Judy was listed as being a part of the shows that aired on June 6th, 14th, 21st, 28th; July 5th, 12th, 19th, 26th; and August 2nd & 9th. She’s not listed in the final three episodes on August 16, 23, & 30. No recordings are known to exist of any of the shows nor is there any information as to what Judy sang.
June 28, 1938: In the curio department: This article proves that the “Garland Cult” began early. One wonders what these two guys would have done if they had social media at their fingertips! Were they Garfans or Garfreaks? Making the claim of being Judy’s “No. 1 fan” sure sounds familiar!
June 28, 1939: Babes in Arms filming continued with more filming of the “Babes in Arms” number on the “Exterior Lumber Yard” set (on MGM’s Backlot 2). Time called: 9 a.m.; lunch: 12:30-1:30 p.m.; time dismissed: 5:30 p.m.
June 28, 1940: After a long day (the first of several) shooting the fantastic “La Conga” number for Strike Up The Band, Judy, co-stars Mickey Rooney and William Tracey, and a couple of contract dancers (including Leonard Sues), went to MGM’s portrait gallery to pose in their “La Conga” costumes, for publicity photos.

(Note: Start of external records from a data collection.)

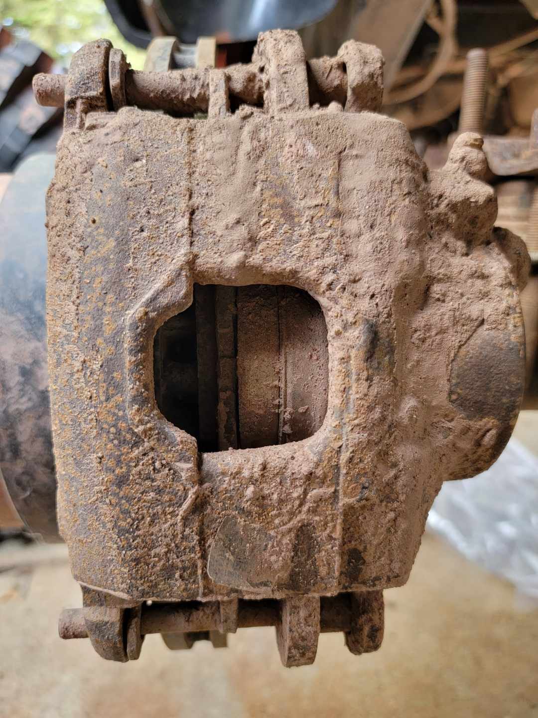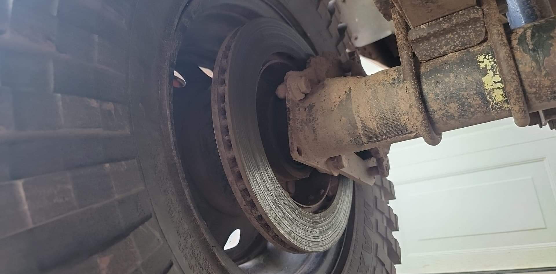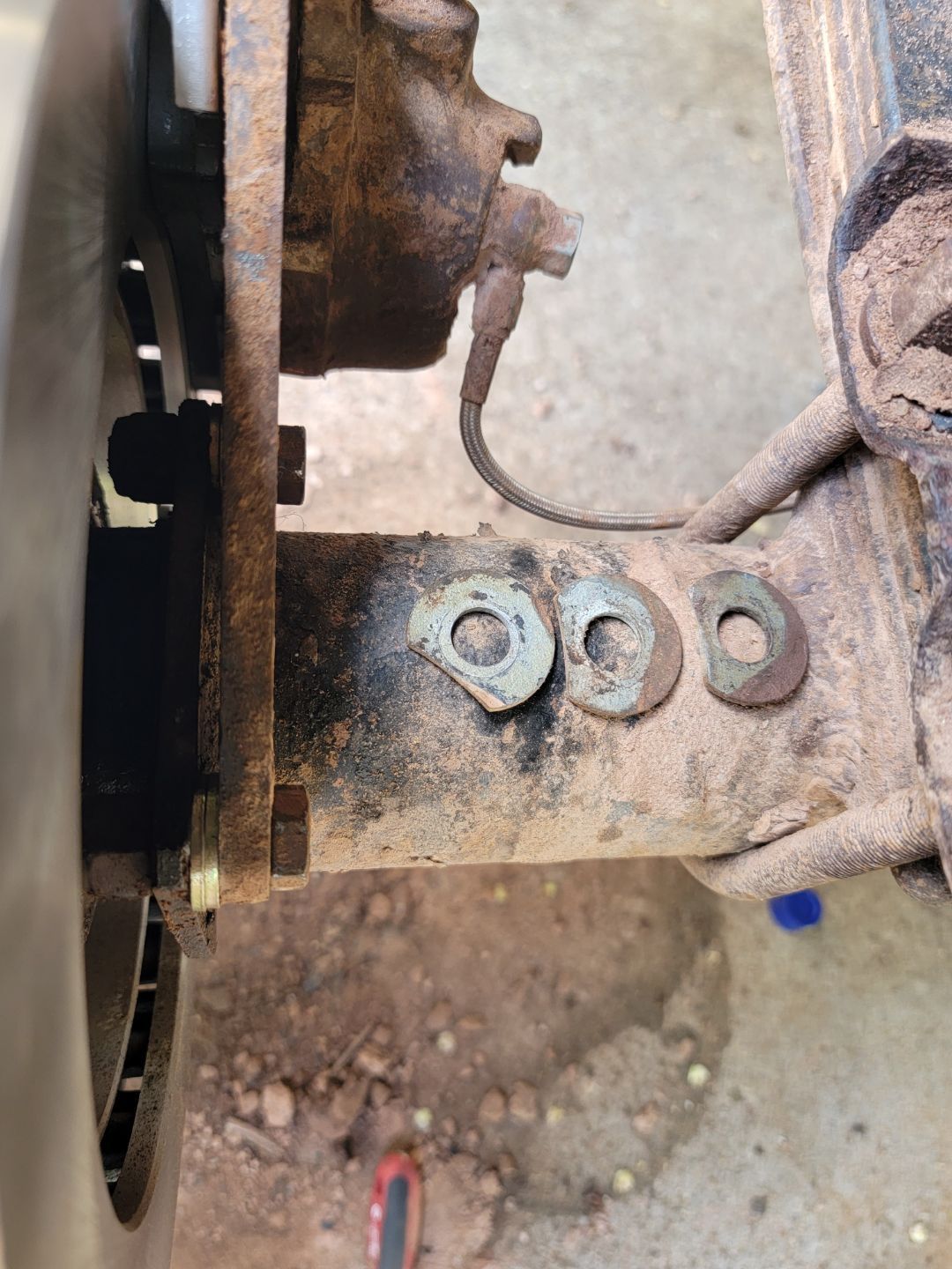 All four of these pads in the rear were metal-metal = Crazy! The pistons on the calipers were definitely extended out to their max! https://cimg8.ibsrv.net/gimg/www.che...aaf1f42a0.jpeg https://cimg0.ibsrv.net/gimg/www.che...ee9713710.jpeg So a new pair of E350 van single rear wheel brake rotors and early-mid 80s chevy JB6 caliper brake pads and its looking a bit more functional now. All of this from Rockauto for $127 shipped! https://cimg1.ibsrv.net/gimg/www.che...43e144690.jpeg I had to re-shim the adapter brackets as well. With the new pads in place the caliper would not clear the rotor and the pads were digging into the rotor as i tried to force it into place. A very precision deal here - formerly just 1 grade 8 - 3/4" hole washer between the bracket and axles flange. Now its equipped with 2 grade 8 - 5/8" hole washers per bolt. https://cimg9.ibsrv.net/gimg/www.che...6cbd21276.jpeg https://cimg2.ibsrv.net/gimg/www.che...396970711.jpeg |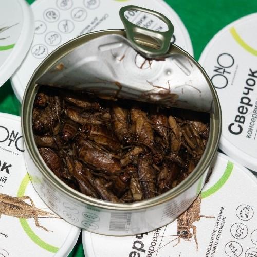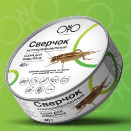 Консервированный домовый сверчок (Acheta domesticus), 40гр. Сверчок отлично себя показал при кормлении енотов, ежей, рептилий, птиц, грызунов, млекопитающих и рыб и других насекомоядных животных.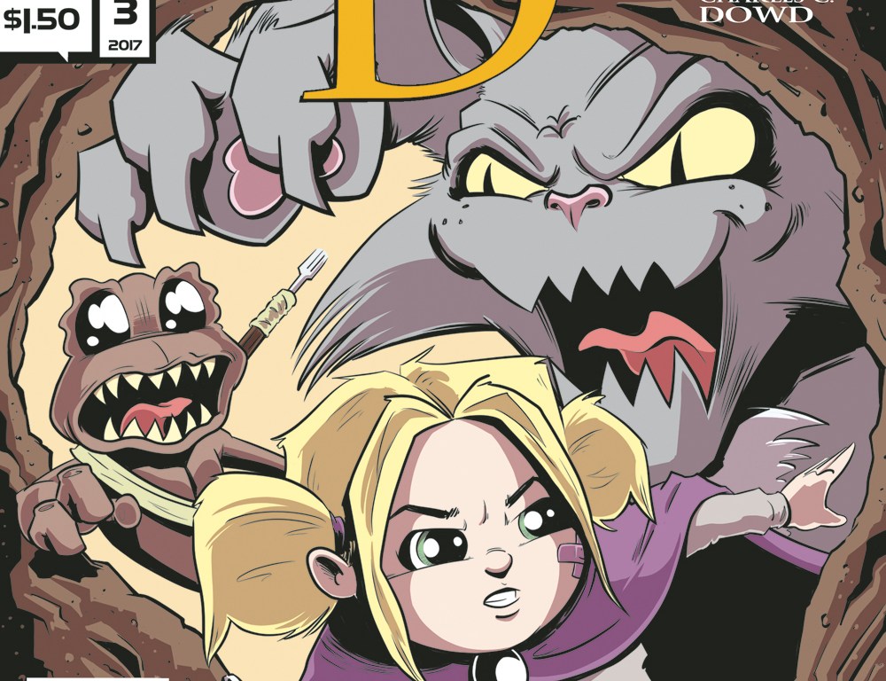 In the adorable third issue of Lilith Dark the beasties have decided that Lilith and anyone connected to her would be better off as possibly meatloaf, at least that’s what she thinks. As she and her sister try and find a way to escape her brother and beloved sidekick, Snowball the dog, have made their way into the tree. As the humans and canine try and figure out a plan, Lilith’s new sidekick, Spoon, is trying his best to fight against his own beastly brethren. As our team begins to see that they might just have to work together, Lilith finds herself battling a brand new monster and receiving some aid from an unexpected extinct source.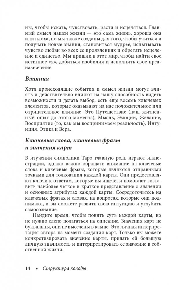 Эта колода сохраняет классическую структуру Таро в виде Старших и Младших арканов, но смело сочетает ее с новыми архетипами, символами и значениями, более подходящими нашему времени.

June 28, 1941: Here is a rare advertisement (at the bottom of the movie ad) for a short that Judy was featured in. It’s an entry in the “Meet The Stars” series specifically #4 which included footage of a benefit for the Los Angeles Examiner newspaper. Judy attended. I have never seen the short so I can’t verify its content.
June 28, 1944: This 1941 colorized photo of Judy appeared on the cover of the “Allas Veckotidning” magazine. The photo was taken by MGM’s staff photographer Eric Carpenter.
Scan provided by Kim Lundgreen. Thanks, Kim!
June 28, 1945: The Clock was playing to glowing reviews. Judy’s first strictly dramatic role was a success, thanks to her performance and Vincente Minnelli’s direction. Click on the images to read the reviews. “G.L.D.” of the Rochester, New York Democrat and Chronicle paper noted, The new MGM film … sympathetically and artistically directed by Vincente Minnelli, is an uncommonly delightful and charming romance quite away from the routine.
Due to the fact that the film dealt with wartime romance, it was used to sell war bonds which must have been generated by the MGM Publicity Department because the tie-in with the selling of war bonds was a feature the film’s engagements in towns and cities across the nation.
June 28, 1947: The final of six days of rehearsals of the “Be A Clown” number for The Pirate. Time called: 2 p.m.; dismissed: 4:50 p.m.
June 28, 1954: Judy had an A Star is Born wardrobe fitting at the Western Costume company.
June 28, 1957: Here’s a review of Judy’s opening at the Greek Theater in Los Angeles the night before. Click on the image to read it. Judy’s engagement lasted through July 7th and was the last stop on her nine-week tour.
June 28, 1967: Two reviews (click on the images to read them) of Judy’s recent opening at the Sorrowton Music Circus in Springfield, Massachusetts. Kevin Kelly of the Boston Globe was definitely not a fan nor what he impressed at all with the show. The second clipping is an uncredited review of sorts. It’s really more about Judy’s magnetism and its effect on the audience and her “cult” than a review of the show itself. Judy’s engagement continued through July 1st.
June 28, 1969: The final installment in a series of four articles reprinting parts of Judy’s own memoirs as published in the Ladies Home Journal in 1967, titled “The Plot Against Judy Garland.”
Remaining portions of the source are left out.